YORKTON - In a world where we are more connected than ever before – from jet flights to cellphone connections – one might logically think trade would be a standardized and simple thing.

That should be especially true when considering agricultural commodities.

While there might be issues regarding the standard and quality of how a refrigerator or car is manufactured, it would seem wheat is wheat, beef is beef, and honey is honey.

That might generally be true but the world of trade in agricultural commodities is a volatile one where prices can turn up, or down, based on influences which can be difficult to fathom.

Certainly grain and oilseed sales are largely based on supply and demand, but what level of supply is enough seems to vary depending on a variety of circumstances.

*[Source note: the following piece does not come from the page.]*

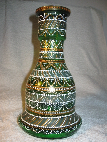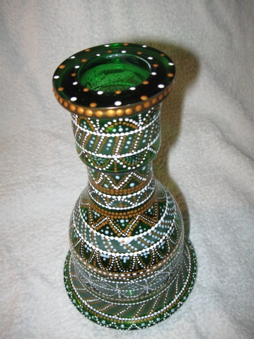 Бежала я как-то по делам, вижу кучка шпермюльная (Sperrmüll (нем.) - вынесенный на улицу перед домом хлам для централизованного сбора и утилизации), в одном из мебельных ящиков лежит себе тихохонько ваза. Для точечной росписи подходит как ни что лучше, полосатенькая уже, цвет мой любимый, зелененький. Смотрите, что вышло. Узор примитивный, точки неровные, нетвердые. Но мне понравилось ее оформлять. Критика, замечания и советы принимаются.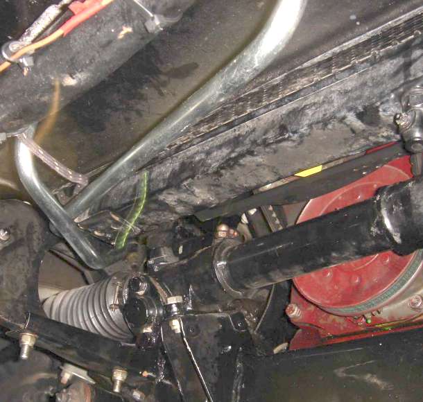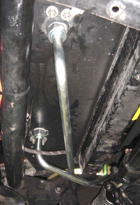 Photos above and center show the original factory type oil pipes below the air pan. Notice in center photo at bottom of picture the notch in the front frame extension where the OEM style top mounted anti-sway bar would mount. This shows why the oil cooler is installed so far forward from the radiator, as the steel pipes must pass in front of and then below the sway bar. Photo above right shows the pipes passing around the right side of the radiator lower tank.

It’s easy to understand how poor, or bumper crops, in main crop growing areas factor into the expected supply and demand looking out over a several month period.

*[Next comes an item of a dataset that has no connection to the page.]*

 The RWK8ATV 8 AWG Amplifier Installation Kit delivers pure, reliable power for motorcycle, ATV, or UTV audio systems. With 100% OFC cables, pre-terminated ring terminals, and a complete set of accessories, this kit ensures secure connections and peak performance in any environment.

A drought, for example, can mean a major exporting nation, are suddenly out of the market, and buyers have to scramble for alternative sources and may have to pay more to fill their needs.

But, threats to supply can also be enough to alter markets.

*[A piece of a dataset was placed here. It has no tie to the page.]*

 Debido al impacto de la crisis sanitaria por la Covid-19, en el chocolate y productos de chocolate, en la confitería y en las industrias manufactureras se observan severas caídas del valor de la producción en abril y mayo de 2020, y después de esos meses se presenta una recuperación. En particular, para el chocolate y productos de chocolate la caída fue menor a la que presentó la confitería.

The unprovoked invasion of Ukraine by Russia sent a ripple of uncertainty through world trade as fears of an expanded conflict were fanned.

In the case of the war it was a double whammy of sorts for wheat sales as Ukraine as a marketer was hampered by the invasion and Russia fire-saled its wheat to generate cash.

How a country such as India views imports of pulse crops – balancing supporting domestic farmers with feeding its masses – create market forces that are outside pure supply and demand.

So too does arbitrary decisions like those of Japanese honey processors who have set tolerances of residue limits on quinclorac, a herbicide used to control cleavers, a pesky weed on the Prairies at 10 p.p.b.. In Canada, it is 100 p.p.b..

You would again expect reasonable countries would be at the point shared science would have led to a standardization of such things – certainly at the government level and not left to sector processors.

Given the varied factors which impact the perception of supply and demand and what markets are even open to commodities based on often conflicting elements, farmers face many unknowns in terms of marketing.

Finding a market ultimately comes down to knowing what return is needed to cover costs and generate a reasonable profit and then making the sale, but it will not be as easy a process as it should be.